***** RECORD SET *****

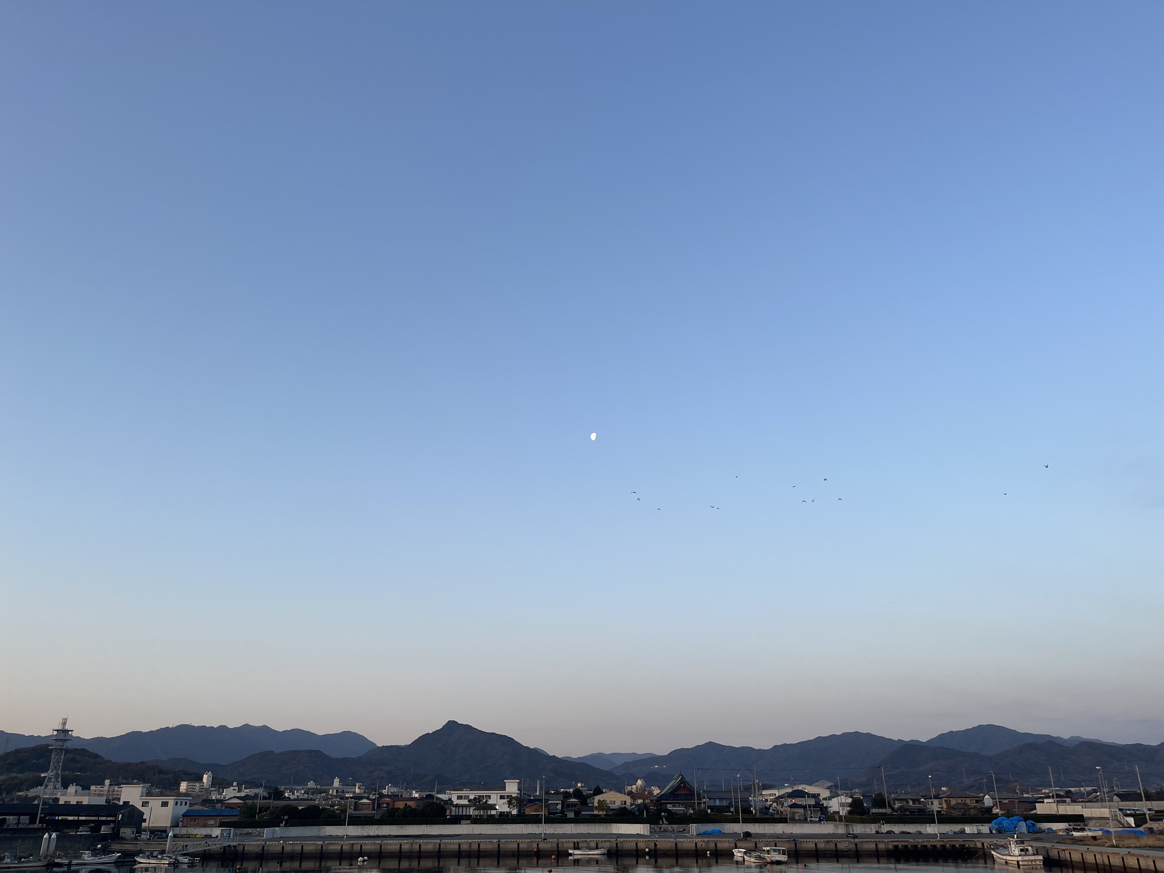 気温3℃、快晴、ぐっと冷え込んでいます。橙色に染まる東の空を白い飛行機雲が西に向かっています。風は緩く、海は穏やか、半分くらいに細った月が虎丸山の右に残っています。太陽が与治山のうすくの北の斜面から出て来ました。釣り客はゼロ。帰り際、ベトナム航空のHVN334(ハノイ→関空、B787-9Dreamliner)が阿讃山脈の上空を東に向っていました。
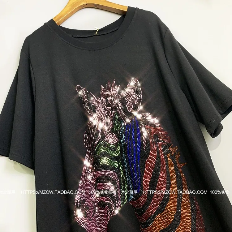 QING MO женское платье-футболка с принтом зебры и стразы, Летнее Платье До Колена
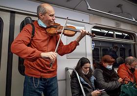 Виды Санкт-Петербурга. Жанровая фотография. Мужчина играет на скрипке в вагоне метро.
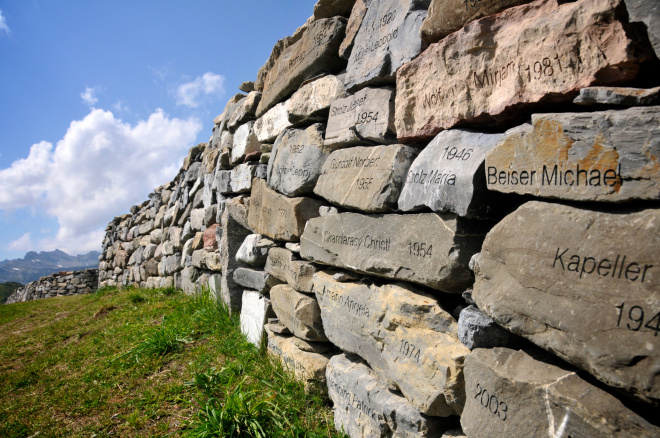 Für einmal gibt es entlang des Grünen Rings auch ein Phänomen, dem eine ganz plausible Erklärung zugrunde liegt: die Steinmauer in Oberlech, die seit dem Jahr 2010 die Namen aller Bewohner und Bewohnerinnen von Lech und Zürs archiviert. Die Leute bringen einen Kieselstein mit ihrem Namen und dem Geburtsjahr und ein kundiger Handwerker schichtet diese Steine zu einer Mauer aufeinander. Daran ist nichts Geheimnisvolles, es ist einfach eine kluge und hübsche Idee. Und in ein paar Jahrhunderten, wenn elektronische Daten sich für immer in Pixelsalat aufgelöst haben und Papier nur noch unter luftdichten Glashauben lesbar bleibt, wird diese Mauer eine beträchtliche Länge haben und die Namen der stolzen Bevölkerung werden Wind und Wetter trotzen. Sollten spätere Zivilisationen einmal in der Gegend Ausgrabungen machen, könnte es durchaus sein, dass die Menschen in ferner Zukunft nicht mehr viel vorfinden, außer eben dieser Namen – ein eindrucksvoller Beweis für ein zwar kleines, aber unbeirrbares Volk mit Weitblick.
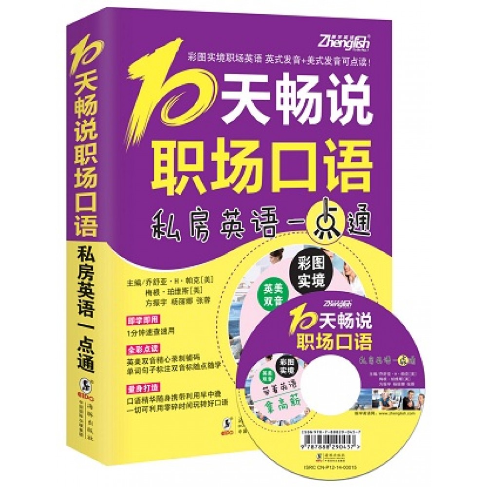 《10天畅说职场口语》分为10天的内容,包含58个话题,每一个话题的场景都经过精心挑选,诚邀资深外教执笔编写,具有实实在在的学习价值。每一天分为早、中、晚三个时间段,每一个时间段选取了一到两个主题,每一个主题都让你循序渐进、由简入难地进入学习状态。根据内容的不同,还配了相应的图片,冲击你的视觉,加强你的记忆。是为每一位职场菜鸟变身为职场英语达人量身定制的口语书。 基础词汇、必备基础句和情景对话全都配备标准的英音和美音两种读音,只要用点读笔轻轻一点就能听到地道的发音,不仅让你轻松分辨出英美发音的区别,避免两种发音混搭造成的尴尬情况,而且还可以根据你的喜好,灵活选择想学的发音,一本书轻松搞定,再也不用为发音问题而苦恼。 取材广泛,内容全面,从词汇、句子、对话、文化的方方面面让读者细细体验职场英语的奥妙,畅游职场英语之旅。
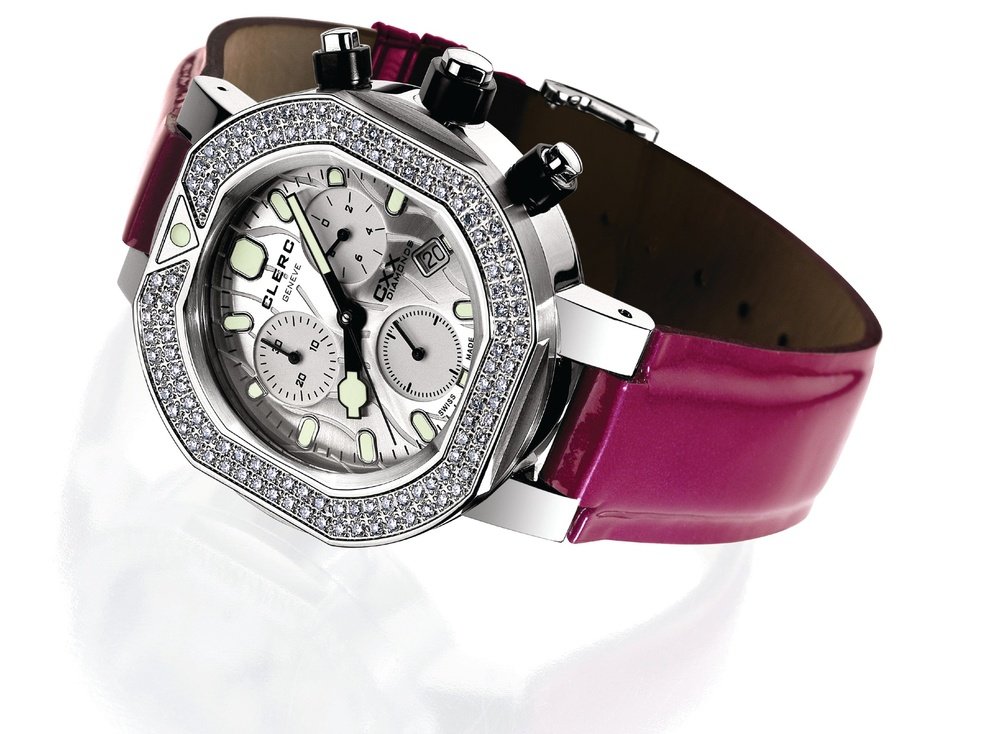 Carved in steel and admirably set with diamonds, this chronograph watch has an extremely contemporary appearance. Feminine and sporty, it will appeal to women who combine a strong personality with impeccable elegance.
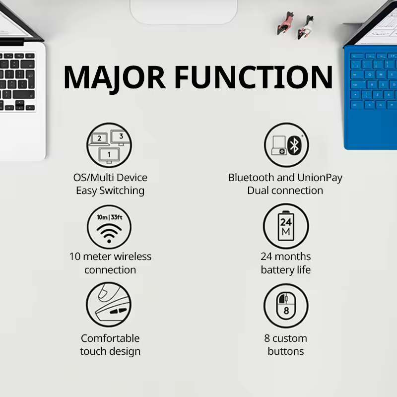 - 사무용 M720: 다수의 버튼, 듀얼 연결, Flow 기능이 핵심 가치입니다.
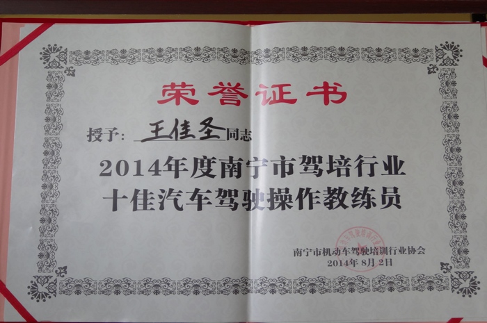 王佳聖榮獲“十佳汽車(chē)駕駛操作教練員”證(zhèng)書
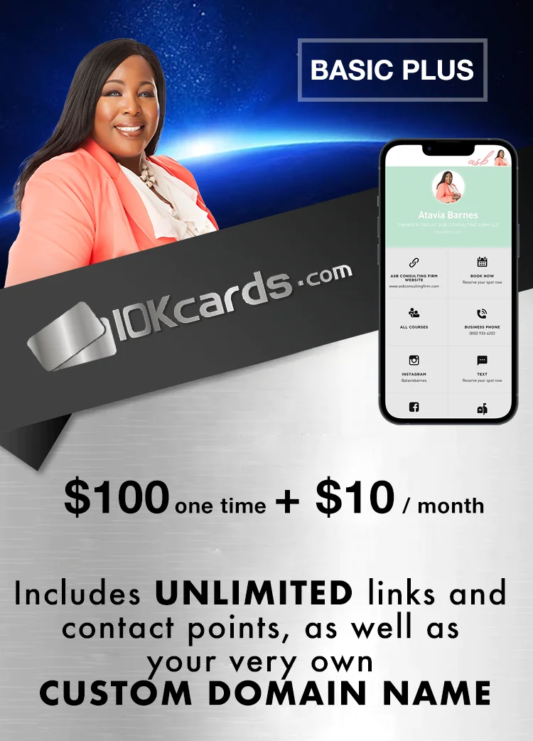 Get a revolutionary digital card with up to 10 links/contact points included.

*****

**PROMPT:** Exactly as written, repeat the lines from the beginning of the entries up to and including the line with "Виды Санкт-Петербурга. Жанровая", but not the pictures.

**OUTPUT FOR THIS TASK:**
 気温3℃、快晴、ぐっと冷え込んでいます。橙色に染まる東の空を白い飛行機雲が西に向かっています。風は緩く、海は穏やか、半分くらいに細った月が虎丸山の右に残っています。太陽が与治山のうすくの北の斜面から出て来ました。釣り客はゼロ。帰り際、ベトナム航空のHVN334(ハノイ→関空、B787-9Dreamliner)が阿讃山脈の上空を東に向っていました。
 QING MO женское платье-футболка с принтом зебры и стразы, Летнее Платье До Колена
 Виды Санкт-Петербурга. Жанровая фотография. Мужчина играет на скрипке в вагоне метро.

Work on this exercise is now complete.